![]() John D. McHugh/AFP/Getty Images The Bible is fairly ambiguous about when Jesus was born. |
Because the Bible offers no date for Jesus' birth, the placement of the nativity is up for debate. However, the presence of shepherds "keeping watch over their flock by night" [Luke, 2:8] suggests the birth may have actually occurred in the spring during lambing--the only time of year shepherds watched their flocks both day and night. During the centuries immediately following Jesus' life, Church leaders made no effort to correctly date the nativity. They focused on deaths and feast days, dismissing births as secondary.
But by the early fourth century, Church leaders decided they needed a Christian alternative to rival popular solstice celebrations. They chose December 25th as the date of Christ's birth and held the first recorded Feast of the Nativity in Rome in A.D. 336. Whether they did so intentionally or not, Church leaders directly challenged a fellow up-start religion by placing the nativity on December 25th. The Cult of Mithras celebrated the birth of their infant god of light on the very same day.
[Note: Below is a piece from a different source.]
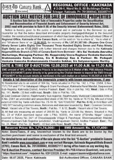 1) Residential site to an extent of 364 Sq Yards situated in Plot No. 142. LP No 23/84, S Nos 71/1,71/4 and 71/7 in Vakalapud: Village & Gram Panchayat, Kakinada Rural Mandal, Sarpavaram Sub-Registry, Kakinada District, Andhra Pradesh, East: Site in plot No. 143. West: Site in Plot No. 141, North: 33 feet width road, South: Site in Plot No. 135. 2) East Godavari District, Rajahmundry Sub registrar, Rajahmundry Municipal Corporation limts in S.No. 238/1 an undivided and unspecified share of 90.791 Sq. Yards or 76.75 Sq Mts out of total extent of 4358 Sq Yards with Door No. 73-18-18, "SAI TOWERS Flat No. C-12, in third floor with 1482 SFT including common areas, Balconies and staircase bounded by East: Common Corridor, West: Vacant site of Sai Towers, North: Flat No. 11 & 12, South: Vacant site of Sai Towers. 3) All that site measuring an extent of 266.66 Sq. Yards or 223.99 Sq Meters, Situated in Plot No. 23 of VUDA approved layout vide LPNo. 9/2013, the name of Sindhu Nagar Layout, covered in Survey No. 24/1 of Chepalauppada Village & Panchayat, Bheemunipatnam Mandal, Bheemunipatnam Sub-Registrar jurisdiction, Visakhapatnam District, Andhra Pradesh. East: Plot No. 24, West: Plot No. 22, North: 40 feet wide Road, South: Plot No 36.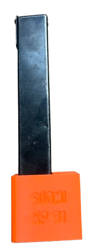Uchwyt / wieszak pasuje do magazynków SUOMI KP 31 kaliber 9×19 MM (magazynki podłużne takie jak na zdjęciu poniżej).

Church leaders may have also had theological reasons for choosing the date of Dec. 25th. The Christian historian Sextus Julius Africanus had identified the 25th as Christ's nativity more than a hundred years earlier. Chronographers reckoned that the world was created on the spring equinox and four days later, on March 25th, light was created. Since the existence of Jesus signaled a beginning of a new era, or new creation, the Biblical chronographers assumed Jesus' conception would have also fallen on March 25th placing his birth in December, nine months later.